The inner edge of the phelloderm seen at e in fig. 151, C, passes suddenly into the inner primary region of the outer cortex (fig. 151, A and C, g) which comprises two types of parenchymatous tissue, patches of isodiametric cells, g, g, alternating with radially arranged areas consisting of tangentially elongated elements (fig. C, f, f; fig. D) which extend as wedges into the phelloderm.

The longitudinal section represented in fig. 152, B, shows an equal bifurcation of a stem in which no secondary xylem is present; in the lower part of the section the xylem and the outgoing leaf-traces are seen in radial section and at the upper end of each arm the leaf-traces alone, lt, are exposed, as in fig. 148, B. It is interesting to notice the large amount of phelloderm which has been produced in the fork of the branch, at pd, where greater strength is required.

Fig. 152. Lepidodendron vasculare. Sections of dichotomously branched shoot.
  1. From a section (10·5 × 9 cm.) in the Cambridge Botany School Collection.
  2. From a section (8 cm. long) in the Cambridge Collection.

The section represented diagrammatically in fig. 152, A, has lost the outermost part of the cortex together with the leaf-cushions; it consists largely of secondary cortex composed of radially disposed phelloderm cells and tangentially placed secretory strands (represented by the discontinuous black lines in the drawing): the dotted region in the central part of the axis is composed of primary cortical parenchyma, and the two spaces surrounding the steles contain portions of the lacunar middle cortex. Each stele possesses a narrow crescentic zone of secondary xylem; the amount is greater in the case of the right-hand stele, of which a small piece is shown on a larger scale; the striking contrast in size between the outer and more internal secondary tracheae is no doubt the expression of some unfavourable condition of growth. The position of the secretory zone beyond the secondary xylem is shown at sc, fig. 152, A.

Fig. 153. Lepidodendron vasculare.
(From a specimen (16 × 7·5 cm.) in the Manchester Museum.)

An example of a large and partially decorticated stem is afforded by the specimen (16 × 7·5 cm.) shown in fig. 153. The irregularly ribbed surface is formed of rather thick-walled phelloderm, in which occur tangentially arranged rows of secretory strands. The tapered form of the secondary cortex as it abuts internally on the primary cortex is shown very clearly in the drawing (cf. fig. 151, C). The stele in this much older stem consists mainly of secondary wood.

Fig. 154. Lepidodendron vasculare. Shoot (2·8 cm. diam.) with two steles. (From a specimen from Halifax in the Williamson Collection, British Museum, No. 340.)

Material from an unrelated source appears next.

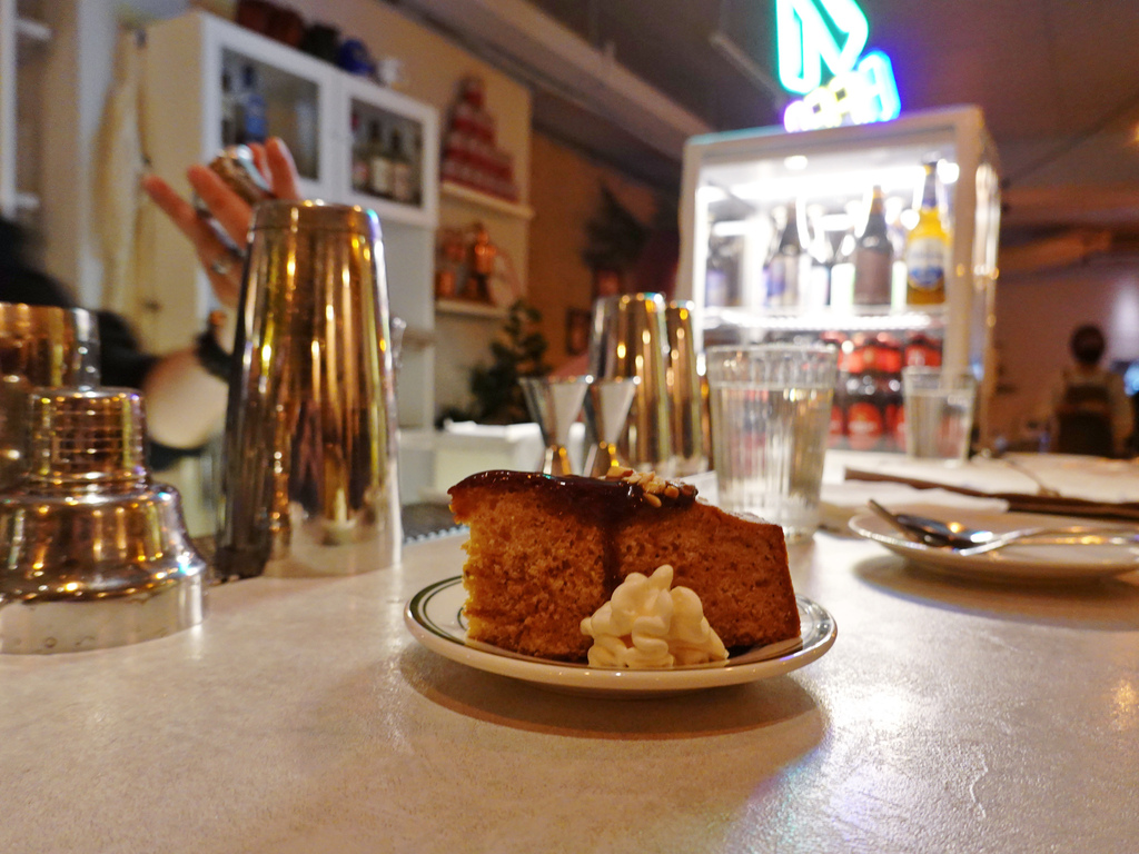 但最得我心的,是上方的焦糖醬跟一旁的奶油,焦糖醬甜中帶苦,堅果碎增添了香氣與口感;而這鮮奶油濃郁的質地同樣迷人。
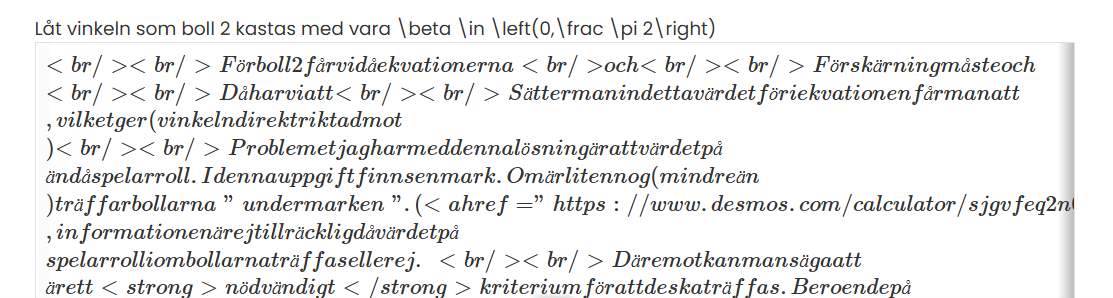 Låt vinkeln som boll 2 kastas med vara \beta \in \left(0,\frac \pi 2\right)<br/><br/>Förboll2fårvidåekvationerna<br/><br /><br />För boll 2 får vi då ekvationerna <br />x_2(t) = v_0t \cos \betaoch och \displaystyle y_2\left(t\right) =1+ v_0 t \sin \beta - \frac{gt^2}2<br/><br/>Förskärningmåste<br /><br />För skärning måste x_1 = x_2och och y_1  = y_2<br/><br/>Då<br /><br />Då x_1 = x_2harviatt har vi att \displaystyle t = \frac{4}{v_0 \cos \beta}<br/><br/>Sättermanindettavärdetför<br /><br />Sätter man in detta värdet för tiekvationen i ekvationen y_1 = y_2fårmanatt får man att 1 = \tan \beta,vilketger, vilket ger \beta = \frac\pi 4(vinkelndirektriktadmot (vinkeln direkt riktad mot \textbf P)<br/><br/>Problemetjagharmeddennalösningärattvärdetpå)<br /><br />Problemet jag har med denna lösning är att värdet på v_0ändåspelarroll.Idennauppgiftfinnsenmark.Om ändå spelar roll. I denna uppgift finns en mark. Om v_0ärlitennog(mindreän är liten nog (mindre än 4 \sqrt{\frac g5})träffarbollarna"undermarken".(<ahref="https://www.desmos.com/calculator/sjgvfeq2n0"target="blank"rel="noopener">Sedennadesmosgraffördemonstration</a>).Dettafickmigförstatttänka) träffar bollarna "under marken". (<a href="https://www.desmos.com/calculator/sjgvfeq2n0" target="_blank" rel="noopener">Se denna desmos graf för demonstration</a>). Detta fick mig först att tänka D,informationenärejtillräckligdåvärdetpå, informationen är ej tillräcklig då värdet på v_0spelarrolliombollarnaträffasellerej. <br/><br/>Däremotkanmansägaatt spelar roll i om bollarna träffas eller ej. <br /><br />Däremot kan man säga att \beta = \frac \pi 4ärett<strong>nödvändigt</strong>kriteriumförattdeskaträffas.Beroendepå är ett <strong>nödvändigt </strong>kriterium för att de ska träffas. Beroende på v_0behöverdeinteträffas,men<em>om</em>deträffarmåste behöver de inte träffas, men <em>om </em>de träffar måste \beta = \frac \pi 4.Eftersomskärning<strong>endast</strong>kanskefördennavinkelär. Eftersom skärning <strong>endast</strong> kan ske för denna vinkel är B$$ rätt svar. Är detta rätt tänkt?

An interesting example of a small shoot, the largest diameter of which is 2·8 cm., is shown in fig. 154, A: the section was cut a short distance above the bifurcation of the stele into two approximately equal branches. The outer part of the cortex consists of phelloderm, pd, with the usual rows of secretory tracts, and primary outer cortex g; the middle cortex is represented by patches of parenchyma with a few leaf-traces. To one of the steles, s′ (fig. 154, A), a crescent-shaped band of secondary xylem has been added; the other stele, S, possesses no fully developed secondary elements.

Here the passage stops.